D-Day veteran recalls jump that didn’t go as planned
TOM RICE: We sat in our steel bucket seats and the take-off time was 10:41.
SUSAN MURPHY: Tom Rice has vivid memories of that night 70 years ago when he flew across the English Channel in the pre-dawn hours of D-Day.
TOM RICE: I can’t recall exactly how long the flight was other than maybe 57 minutes – 59 minutes.
SUSAN MURPHY: Only 22 years old – Rice was among the oldest of the 18 paratroopers on board the c-47 military transport plane.
The once-avid runner says he had no time during the flight to worry – he was busy assisting his jumpmaster with equipment.
TOM RICE: Then I moved up to the front to make sure everyone was alert and awake and cigarettes were out.
SUSAN MURPHY: Their mission – dubbed Operation Overload — was to parachute behind enemy lines in German-occupied France near the beaches of Normandy.
They were to secure bridges, roads and canals just hours before a massive sea and land invasion of 5,000 ships and nearly 140,000 American and allied troops.
For Rice, the mission was the culmination of a year-and-a-half of intensive training.
TOM RICE: Now there’s 45 aircraft in a v of v’s shape. I was in the third one to the right.
SUSAN MURPHY: From the plane’s open back door, Rice watched enemy fire streaking up from the ground as they approached their jump location.
TOM RICE: We were yawing and pitching trying to get away from the flack and all those candleworks coming up at us.
SUSAN MURPHY: Heavy fog and enemy fire caused pilots to panic and break up their formations. Still, Rice says, the red light above the back door of the plane came on.
TOM RICE: That means we’ve got five minutes to go, so the lieutenant got us all standing. And the order there – stand up and hook up.

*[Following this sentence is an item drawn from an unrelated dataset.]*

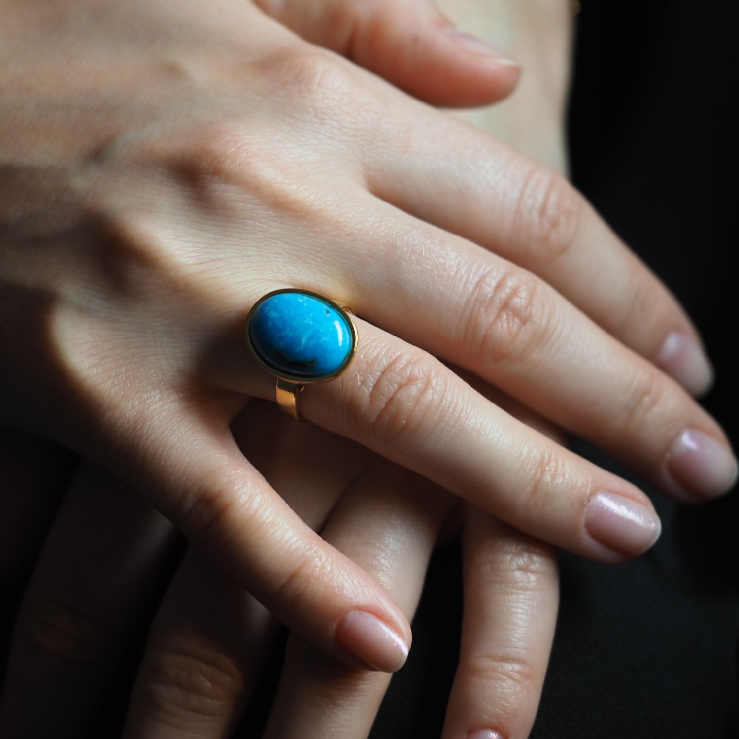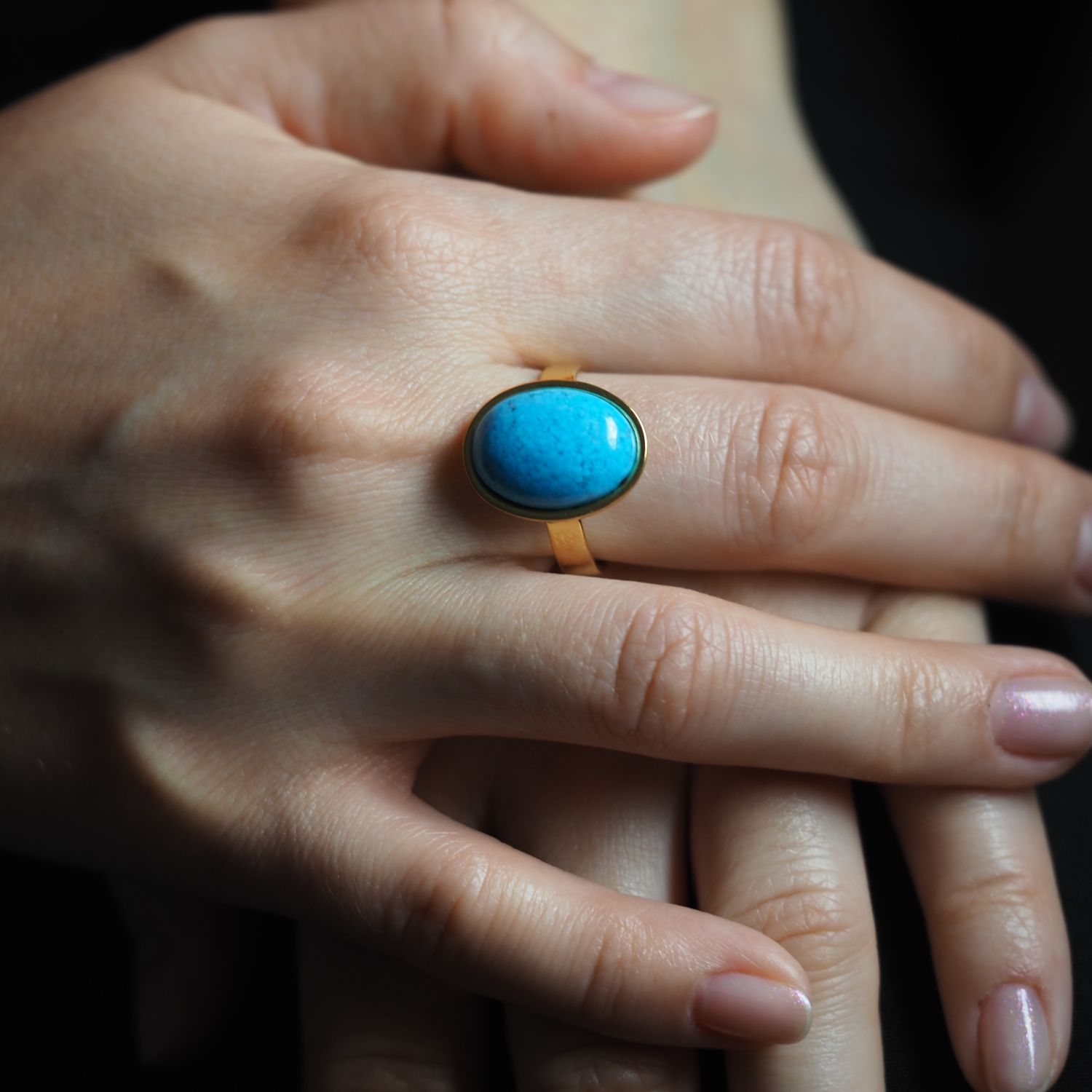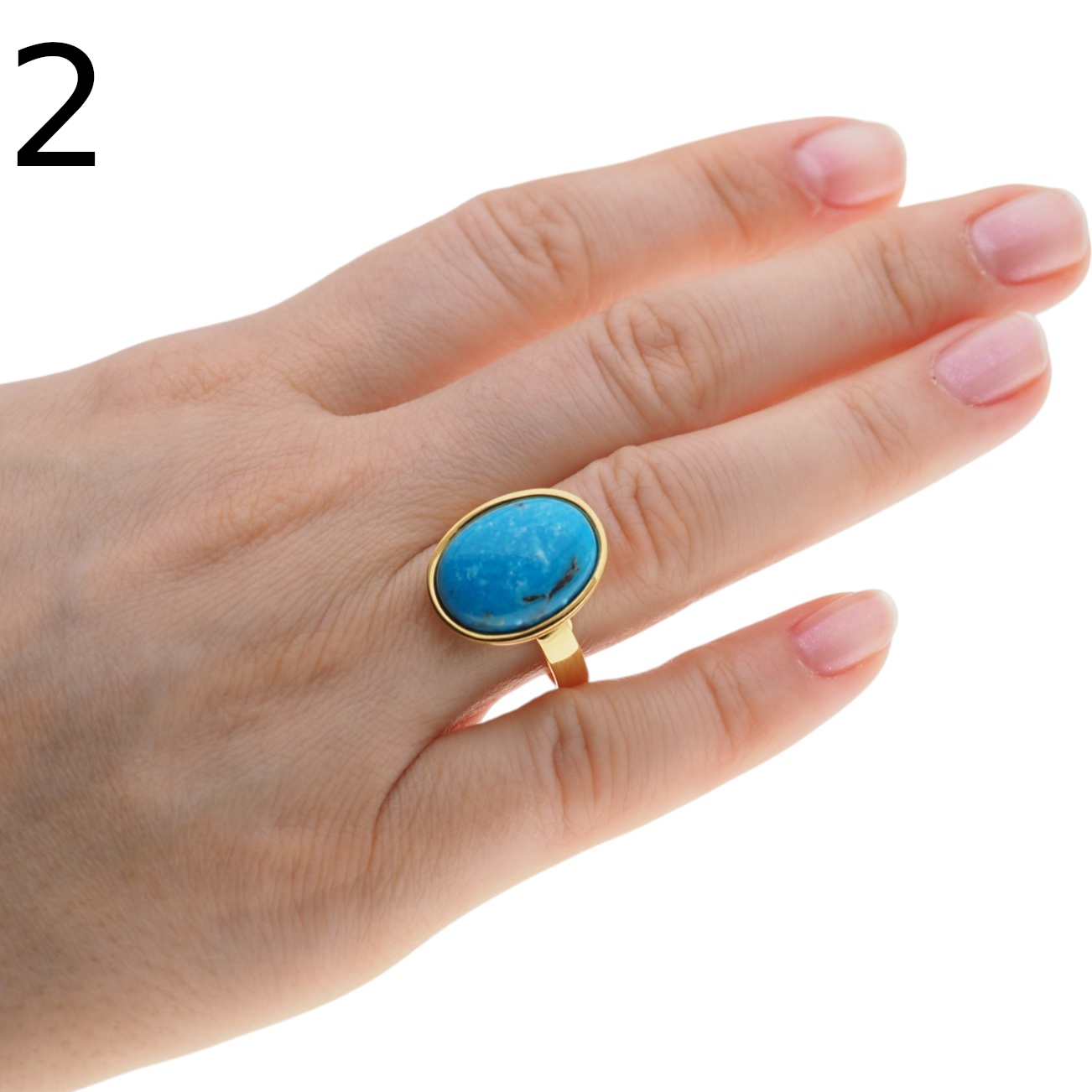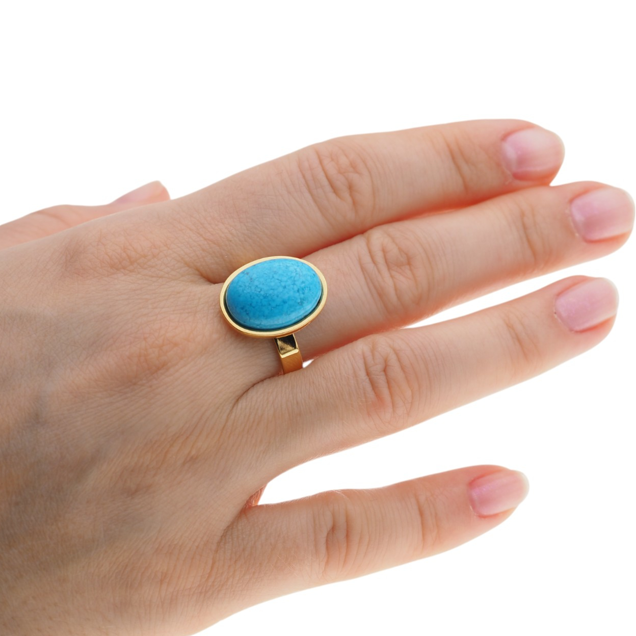 Pierścionek z Naturalnym Turkusem w kształcie owalnym.

SUSAN MURPHY: Rice was always the first jumper out of the plane — So when the green light came on, he jumped — and got snagged.

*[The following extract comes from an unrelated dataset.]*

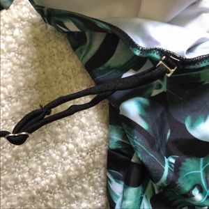 Brand new tropical one piece swim suit. Suit has deep v neck plunge with black criss cross across front. Straps are adjustable and detach in back. Suit has padded cups. No smoking home.

TOM RICE: My armpit got caught in the lower left hand corner of the door.
SUSAN MURPHY: He swung himself out, with a load of gear on his back that outweighed him.
TOM RICE: I normally weighed 137 pounds. That night I weighed 276.
SUSAN MURPHY: He says he twisted, freed himself, opened his chute and plunged in pitch darkness toward heavily-armed Germans – miles from his intended drop zone. He made a hard landing in a field near Utah Beach.
TOM RICE: So we were spread 400 square miles. Only 15 percent of us got together for the first five or six days.
SUSAN MURPHY: Rice spent 37 days fighting in Normandy, living out of holes, and equipped with just three days of food.
He says he lost many friends, and saw things eyes weren’t meant to see. He’s never forgotten.
TOM RICE: No… that stays.
SUSAN MURPHY: His living room mantel is filled with memorabilia and awards, including a Bronze Star, oak leaf cluster and Purple Heart.
TOM RICE: These are the two metals that the French department of the ancient warriors gave me.
SUSAN MURPHY: He hasn’t always openly shared his war stories. After retiring from the military, he got married, had five children and was history teacher in Chula Vista for 44 years. But his students were never aware their teacher was a walking history lesson.
TOM RICE: They figured I was in the military but I never told them a word about – I was in the Airborne.
SUSAN MURPHY: Now, at 92, Rice uses every opportunity to share his accounts of D-Day and World War II. He knows his aging generation of D-day veterans is fading.
TOM RICE: I developed a lot of camaraderie with those guys. Cause you have a lot in common with them.
SUSAN MURPHY: Rice plans to commemorate the 70th anniversary like he does every anniversary– by jumping out of an airplane.
Rice was among the first American troops to set foot in Normandy. Even at a distance of seven decades, the day continues to shape his life.